11

For a few aspects of a project, using "h5" storage would be ideal. However, the files are becoming massive and frankly we're running out of space.

This statement...

 store.put(storekey, data, table=False, compression='gzip')

does not produce any difference in terms of file size than...

 store.put(storekey, data, table=False)

Is using compression even possible when going through Pandas?

... if it isn't possible, I don't mind using h5py, however, I'm uncertain what to put for a "datatype" as the DataFrame contains all sorts of types (strings, float, int etc.)

Any help/insight would be appreciated!

TravisVOX
  • 20,342
  • 13
  • 37
  • 41

3 Answers3

11

see docs in regards to compression using HDFStore

gzip is not a valid compression option (and is ignored, that's a bug). try any of zlib, bzip2, lzo, blosc (bzip2/lzo might need extra libraries installed)

see for PyTables docs on the various compression

Heres a question semi-related.

Community
  • 1
  • 1
Jeff
  • 125,376
  • 21
  • 220
  • 187
  • When I attempt to implement the code via the docs (table=True/False... all combinations), I get the following error: `ValueError: Compression not supported on non-table` Is my DataFrame (which does contain some string), not compatible with this type of storage? – TravisVOX Aug 16 '13 at 14:58
  • 1
    try opening the store with the ``complib='zlib',complevel=9``, the first time your write it; Tables support per table compression, but ``storers`` (a non-table) do not (because of their implementation, they don't use a compression format under the hood) – Jeff Aug 16 '13 at 15:02
  • as an aside, if you do have lots of data, ``table`` format prob better for you, as you can ``append``, e.g. do chunked reads and writes (and queries); ``storer`` cannot – Jeff Aug 16 '13 at 15:07
  • Okay, I've followed the advice and am running into this error: `TypeError: Cannot serialize the column [name] because its data contents are [unicode] object dtype` – TravisVOX Aug 16 '13 at 16:38
  • what's your python version and tables version? – Jeff Aug 16 '13 at 16:52
  • I'm using Anaconda, fresh install as of last week.
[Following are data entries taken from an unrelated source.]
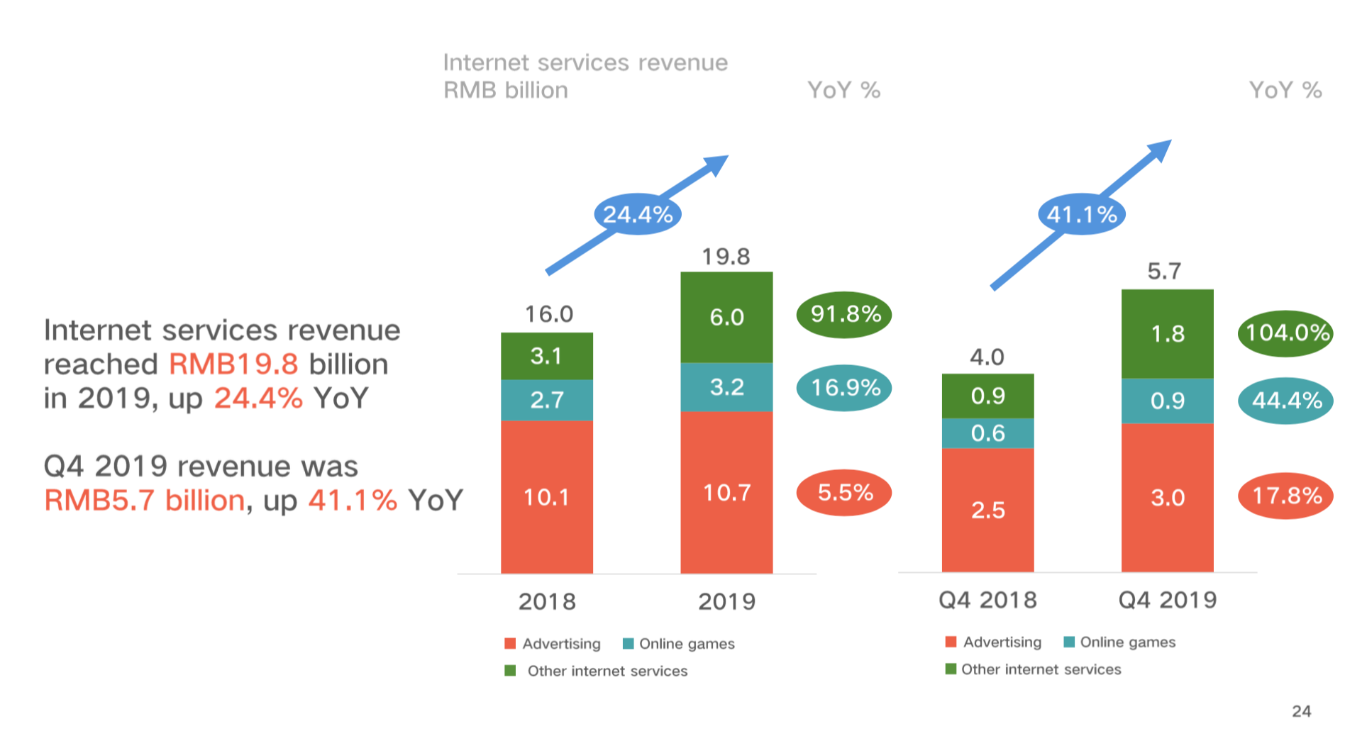 【互联网服务】2019年互联网服务营收同比增长24.4%至198亿元,4季度营收同比增长41.1%至57亿元,其中广告业务同比增长17.8%,在线游戏同比增长44.4%,其他互联网服务同比增长104%。
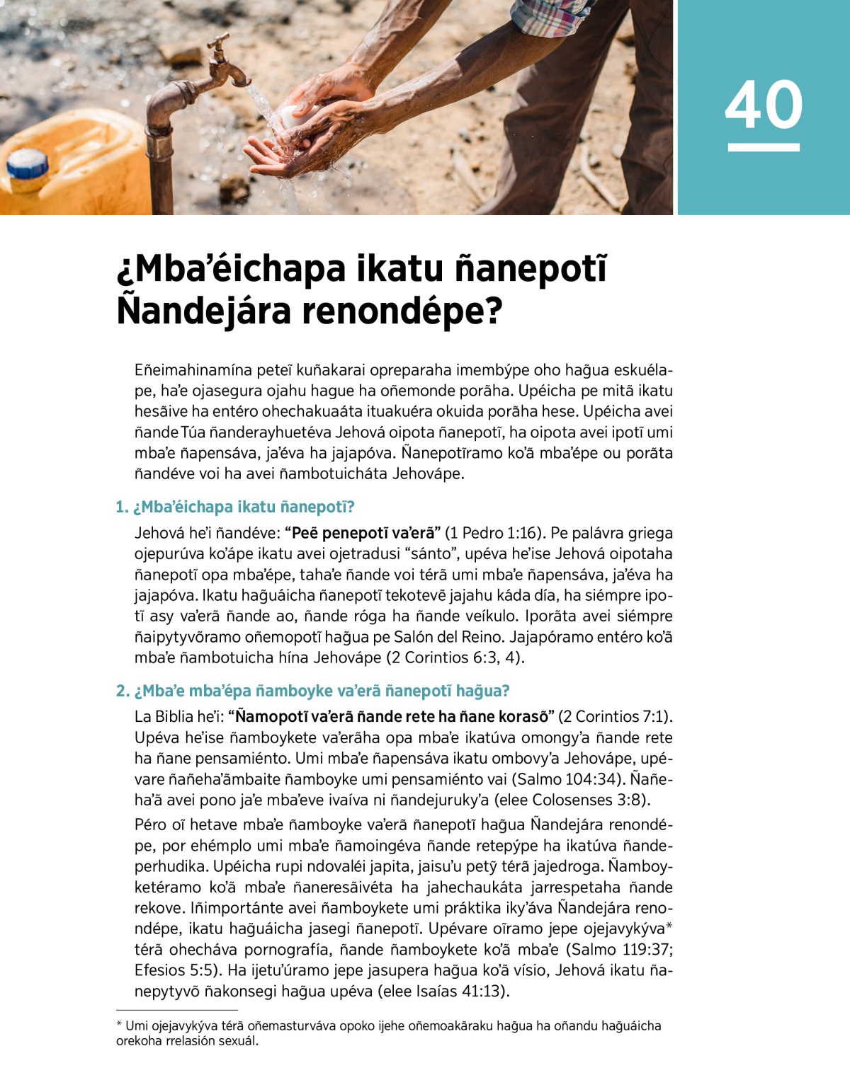 Jehová heʼi ñandéve: “Peẽ penepotĩ vaʼerã” (1 Pedro 1:16). Pe palávra griega ojepurúva koʼápe ikatu avei ojetradusi “sánto”, upéva heʼise Jehová oipotaha ñanepotĩ opa mbaʼépe, tahaʼe ñande voi térã umi mbaʼe ñapensáva, jaʼéva ha jajapóva. Ikatu hag̃uáicha ñanepotĩ tekotevẽ jajahu káda día, ha siémpre ipotĩ asy vaʼerã ñande ao, ñande róga ha ñande veíkulo. Iporãta avei siémpre ñaipytyvõramo oñemopotĩ hag̃ua pe Salón del Reino. Jajapóramo entéro koʼã mbaʼe ñambotuicha hína Jehovápe (2 Corintios 6:3, 4).
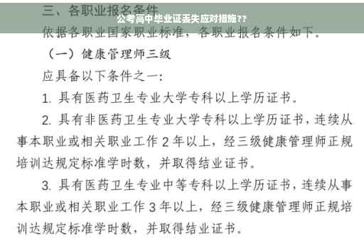 面对公考高中毕业证丢失的情况,考生应保持冷静,及时采取措施,在办理过程中,注意保留好相关证明材料,及时向相关部门咨询并遵循其指导,建议考生在日后妥善保管各类证件,避免类似情况再次发生,希望通过本文的介绍,能帮助考生顺利解决公考高中毕业证丢失的问题,顺利参加公务员考试。
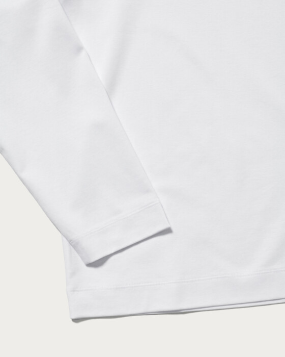 細番手糸を使いと滑らかさとツヤを実現したポンチ生地。ジャケットやシャツのインナーに最適なモックネックデザインで、快適な着心地と上品な表情が魅力です。
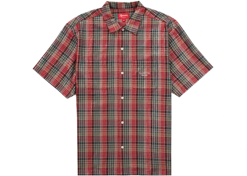 The Supreme Metallic Plaid S/S Shirt Red is now available at Side Kicks!
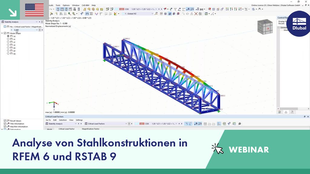 In diesem Webinar wird am Beispiel einer Fachwerkbrücke gezeigt, wie Stahltragwerke in RFEM 6 und RSTAB 9 nach Eurocode 3 bemessen werden können.
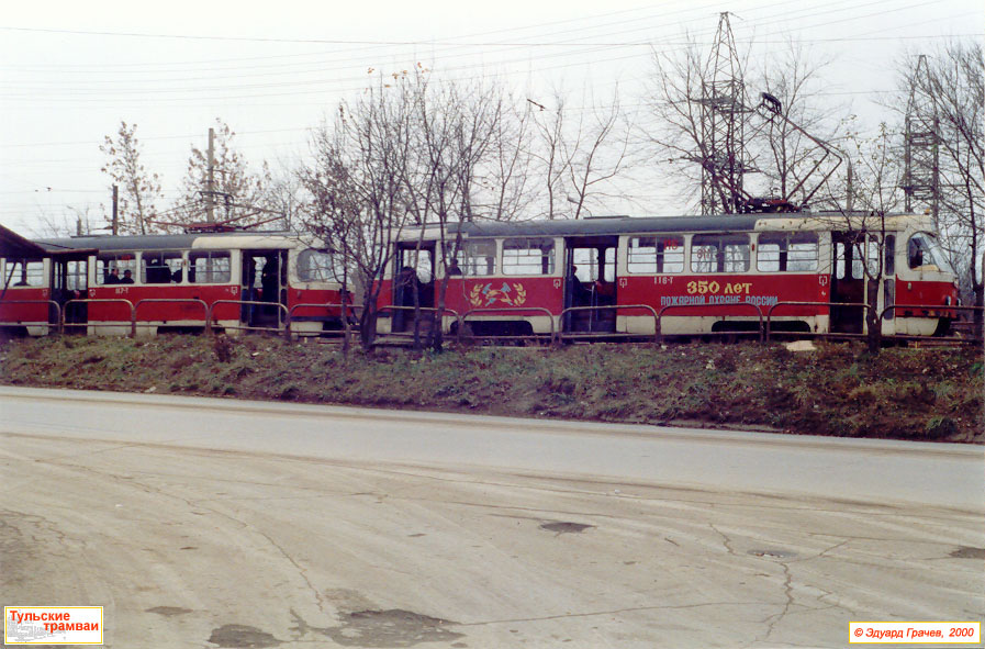 | Поезд из вагонов "Татра" Т-3 номер 116 и 117 (депо N 1) на линейной станции "Кондитерская фабрика "Ясная Поляна" Дата съемки: 7 ноября 2000 года. Фотография: Э. Грачев |

Should be pytables 2.4.0 and python 2.7.5. – TravisVOX Aug 16 '13 at 16:55
  • can't serialize unicode using a ``table`` in py2, nor with 2.4.0; this would work in py3 using 3.0.0. A ``storer`` might work, but not sure. Do you actually have ``unicode``, e.g. characters that require it? – Jeff Aug 16 '13 at 16:59
  • py2 doesn't support unicode writing directly in a table, the primitive is not support; The ``storer`` can handle it, but it is pickled, so would not be very efficient. If you REALLY need actual unicode support (and not just string support), then should use PyTables 3.0.0 and Py3 – Jeff Aug 16 '13 at 17:11
1

I've ben quite a fan of HDF5 in the past, but having hit a variety of complications, especially with Pandas HDFStore, I'm starting to think Exdir is a good idea.

http://exdir.readthedocs.io

1

You can write you data in a zipped format like this:

import pandas as pd

some_key = 'some_key'

with pd.HDFStore('path/to/your/h5/file.h5', complevel=9, complib='zlib') as store:
    store[some_key] = your_data_to_save_in_the_key

And you can read it back:

with pd.HDFStore('path/to/your/h5/file.h5', complevel=9, complib='zlib') as store:
    data_retrieved = store[some_key]